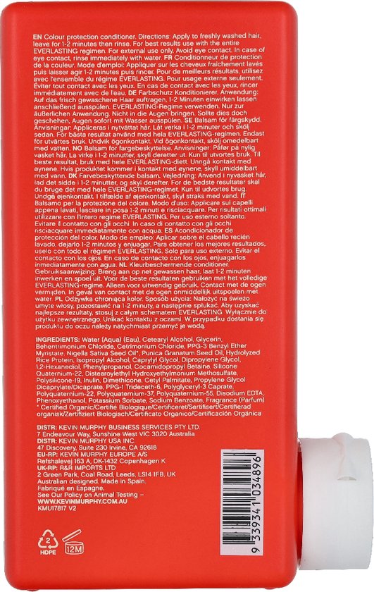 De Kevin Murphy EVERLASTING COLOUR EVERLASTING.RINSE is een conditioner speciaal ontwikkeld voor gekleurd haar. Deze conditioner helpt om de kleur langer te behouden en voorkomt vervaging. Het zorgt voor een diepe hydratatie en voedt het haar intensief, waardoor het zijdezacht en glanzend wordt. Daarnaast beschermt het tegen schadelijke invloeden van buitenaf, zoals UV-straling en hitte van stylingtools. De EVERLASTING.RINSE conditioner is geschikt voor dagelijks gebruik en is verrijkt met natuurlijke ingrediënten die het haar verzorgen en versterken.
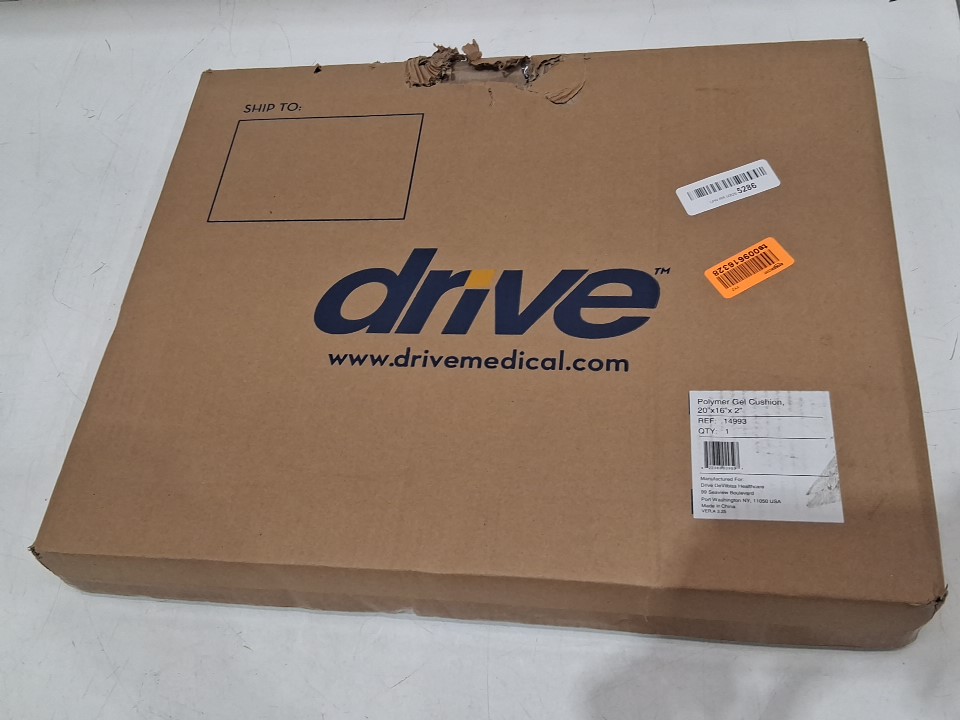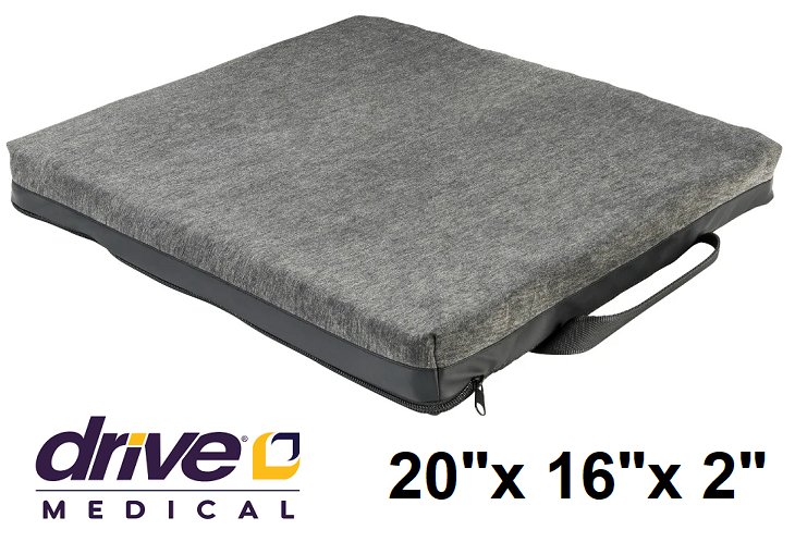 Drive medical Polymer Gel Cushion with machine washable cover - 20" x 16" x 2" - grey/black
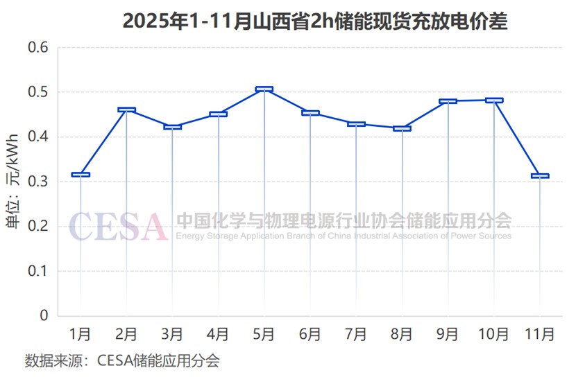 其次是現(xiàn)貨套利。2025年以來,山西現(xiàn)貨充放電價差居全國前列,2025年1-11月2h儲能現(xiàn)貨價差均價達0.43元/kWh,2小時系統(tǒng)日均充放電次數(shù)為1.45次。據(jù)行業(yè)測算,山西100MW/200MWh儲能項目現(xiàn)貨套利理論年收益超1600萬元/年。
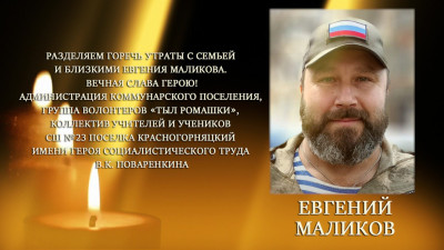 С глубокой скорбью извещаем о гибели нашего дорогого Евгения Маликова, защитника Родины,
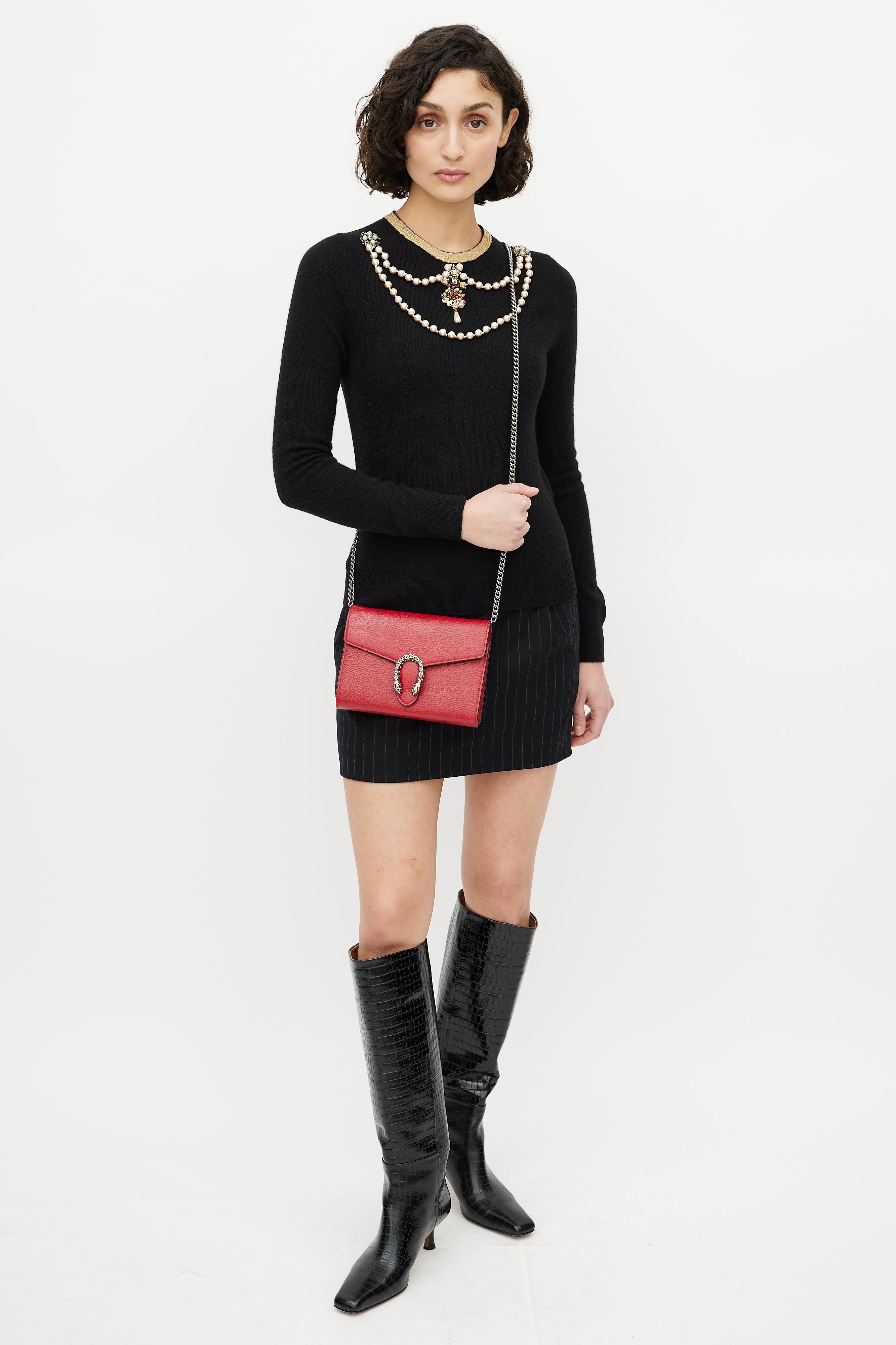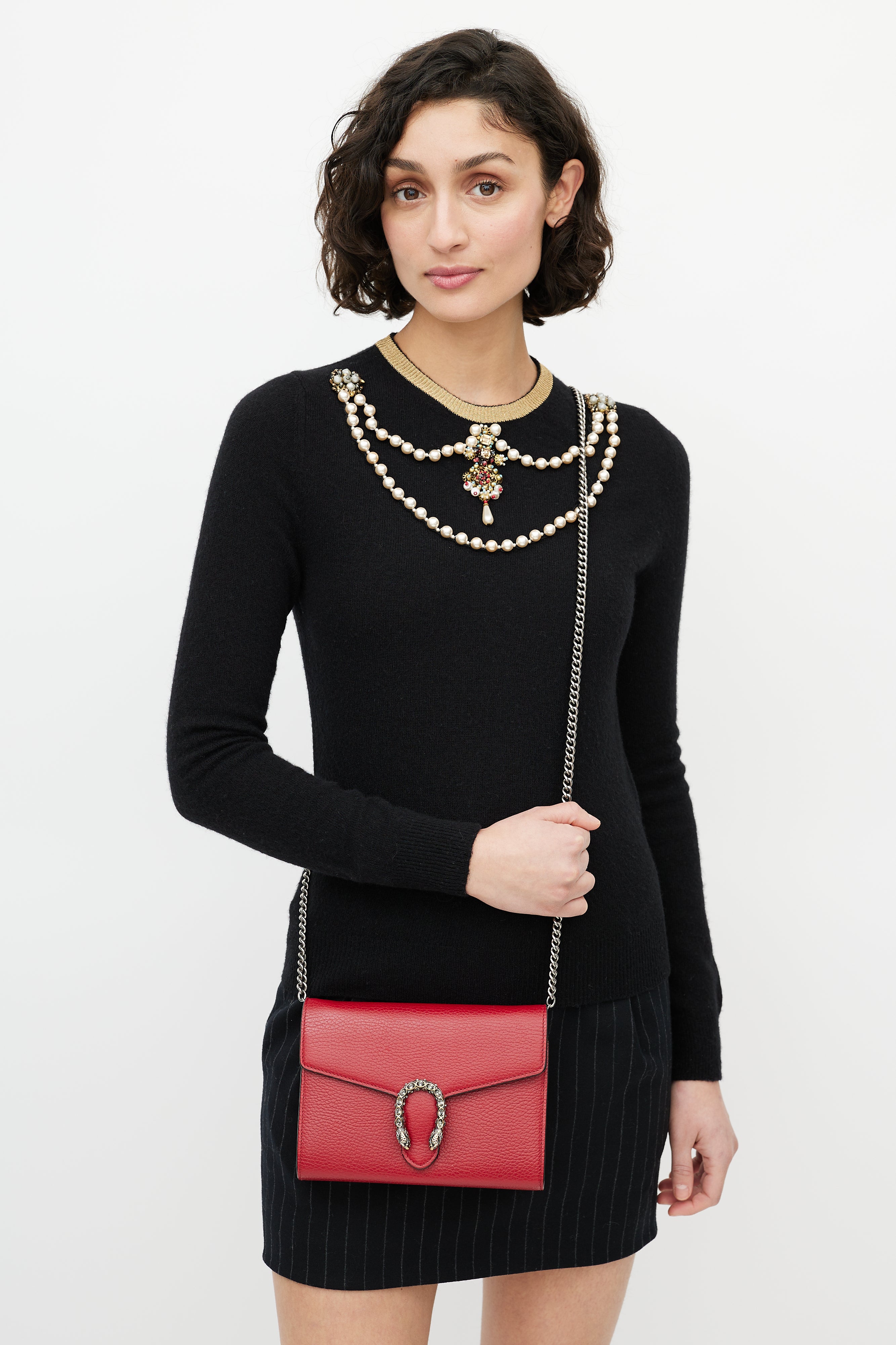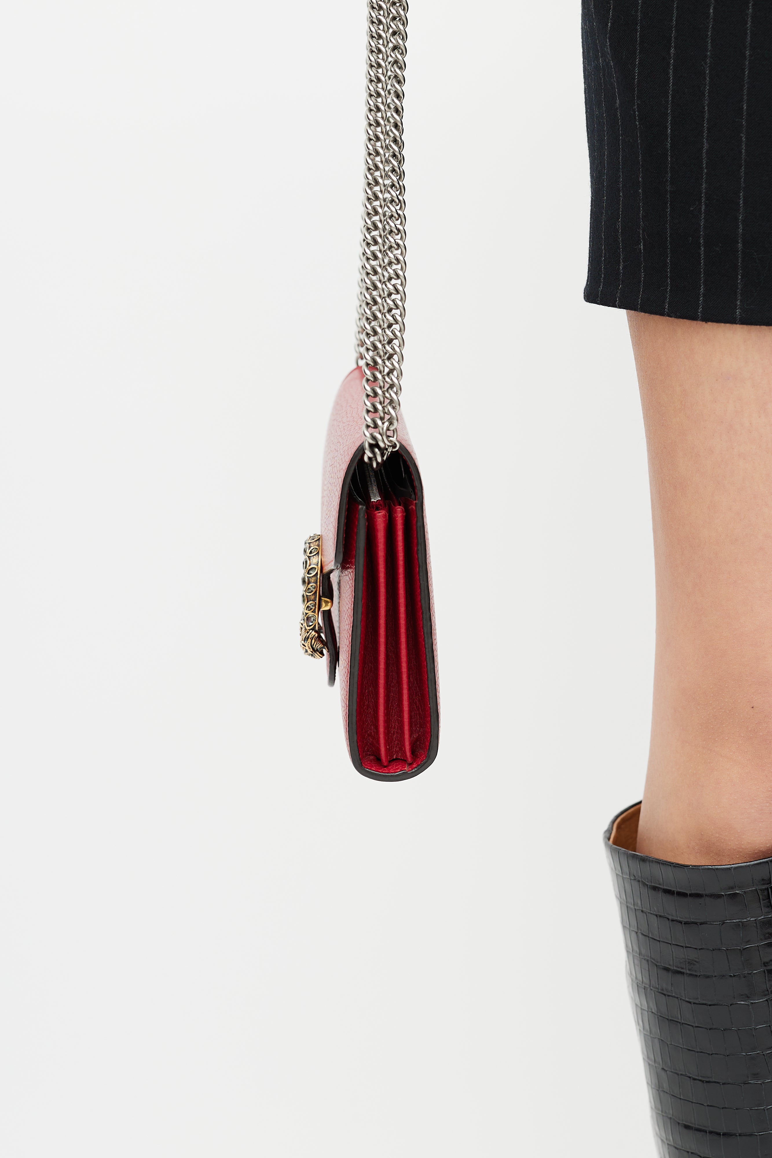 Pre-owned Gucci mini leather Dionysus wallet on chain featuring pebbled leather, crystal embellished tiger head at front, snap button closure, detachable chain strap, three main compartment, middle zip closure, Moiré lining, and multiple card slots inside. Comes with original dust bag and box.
□ □ □ □
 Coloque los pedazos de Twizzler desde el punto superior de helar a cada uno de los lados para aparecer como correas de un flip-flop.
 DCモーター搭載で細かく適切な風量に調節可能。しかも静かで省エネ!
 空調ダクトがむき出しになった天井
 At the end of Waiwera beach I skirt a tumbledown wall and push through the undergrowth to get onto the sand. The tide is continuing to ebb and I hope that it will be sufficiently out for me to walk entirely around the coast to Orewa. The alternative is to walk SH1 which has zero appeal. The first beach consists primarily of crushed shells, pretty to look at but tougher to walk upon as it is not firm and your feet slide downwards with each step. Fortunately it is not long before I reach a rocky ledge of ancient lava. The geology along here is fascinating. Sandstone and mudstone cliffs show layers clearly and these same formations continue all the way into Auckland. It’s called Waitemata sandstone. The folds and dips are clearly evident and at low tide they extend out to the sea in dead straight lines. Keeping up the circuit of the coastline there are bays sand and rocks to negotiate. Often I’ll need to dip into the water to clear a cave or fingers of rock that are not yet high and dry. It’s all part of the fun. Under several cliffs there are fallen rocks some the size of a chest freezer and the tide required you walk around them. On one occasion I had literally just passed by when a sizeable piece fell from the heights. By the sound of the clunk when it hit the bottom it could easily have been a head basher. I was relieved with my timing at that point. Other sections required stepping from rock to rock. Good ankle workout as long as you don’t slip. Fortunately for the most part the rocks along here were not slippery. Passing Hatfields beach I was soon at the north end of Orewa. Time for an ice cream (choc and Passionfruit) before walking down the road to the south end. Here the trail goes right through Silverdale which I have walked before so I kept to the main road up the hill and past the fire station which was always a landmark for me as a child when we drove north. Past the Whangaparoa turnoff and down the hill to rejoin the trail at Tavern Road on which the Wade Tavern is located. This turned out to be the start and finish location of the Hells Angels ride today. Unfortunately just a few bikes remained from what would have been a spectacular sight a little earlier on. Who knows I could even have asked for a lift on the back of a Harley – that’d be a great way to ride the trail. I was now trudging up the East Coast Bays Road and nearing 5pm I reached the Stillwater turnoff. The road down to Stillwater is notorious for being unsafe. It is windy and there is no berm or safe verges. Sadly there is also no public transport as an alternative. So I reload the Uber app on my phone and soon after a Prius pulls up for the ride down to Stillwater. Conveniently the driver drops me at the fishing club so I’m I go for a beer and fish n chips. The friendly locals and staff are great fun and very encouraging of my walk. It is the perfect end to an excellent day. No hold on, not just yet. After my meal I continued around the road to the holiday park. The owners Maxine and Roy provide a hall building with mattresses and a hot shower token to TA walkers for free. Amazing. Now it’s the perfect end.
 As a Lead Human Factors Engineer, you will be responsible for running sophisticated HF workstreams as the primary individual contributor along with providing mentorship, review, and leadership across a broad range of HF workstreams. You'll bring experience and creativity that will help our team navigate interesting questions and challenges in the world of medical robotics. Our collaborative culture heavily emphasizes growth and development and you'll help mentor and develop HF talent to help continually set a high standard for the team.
□ □ □ □
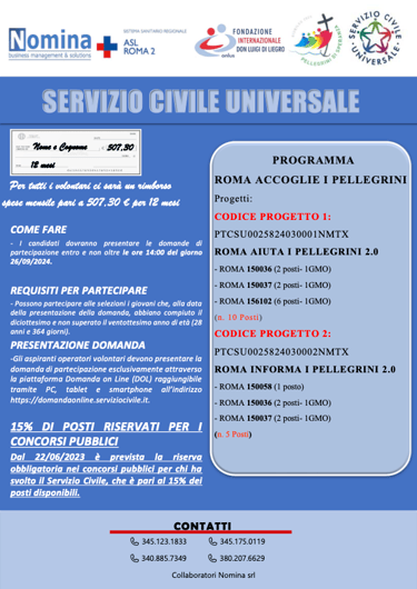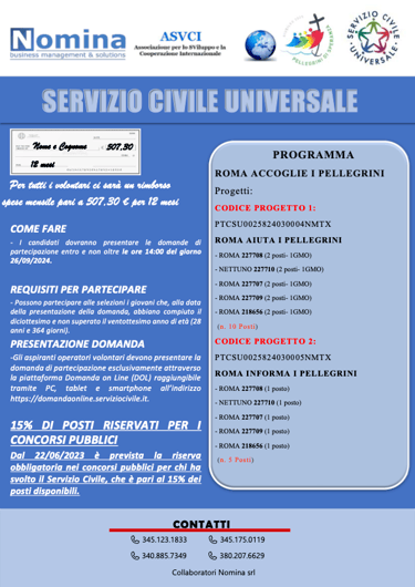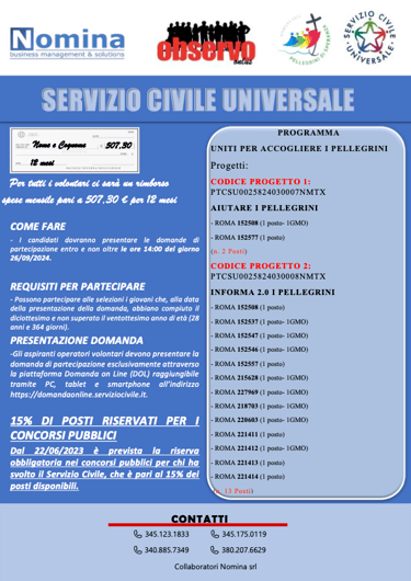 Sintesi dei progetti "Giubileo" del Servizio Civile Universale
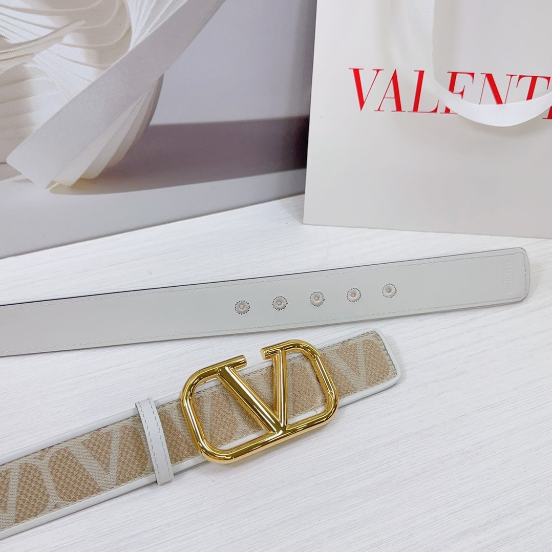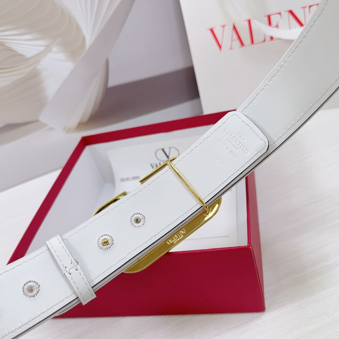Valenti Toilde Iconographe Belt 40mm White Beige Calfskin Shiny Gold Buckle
□ □ □ □
● Problem details: Looking back over the data above, restate word for word the lines that begin at the line with "Coloque los pedazos" and end at the line with "空調ダクトがむき出しになった天井", inclusive.

● Answer to this task:
 Coloque los pedazos de Twizzler desde el punto superior de helar a cada uno de los lados para aparecer como correas de un flip-flop.
 DCモーター搭載で細かく適切な風量に調節可能。しかも静かで省エネ!
 空調ダクトがむき出しになった天井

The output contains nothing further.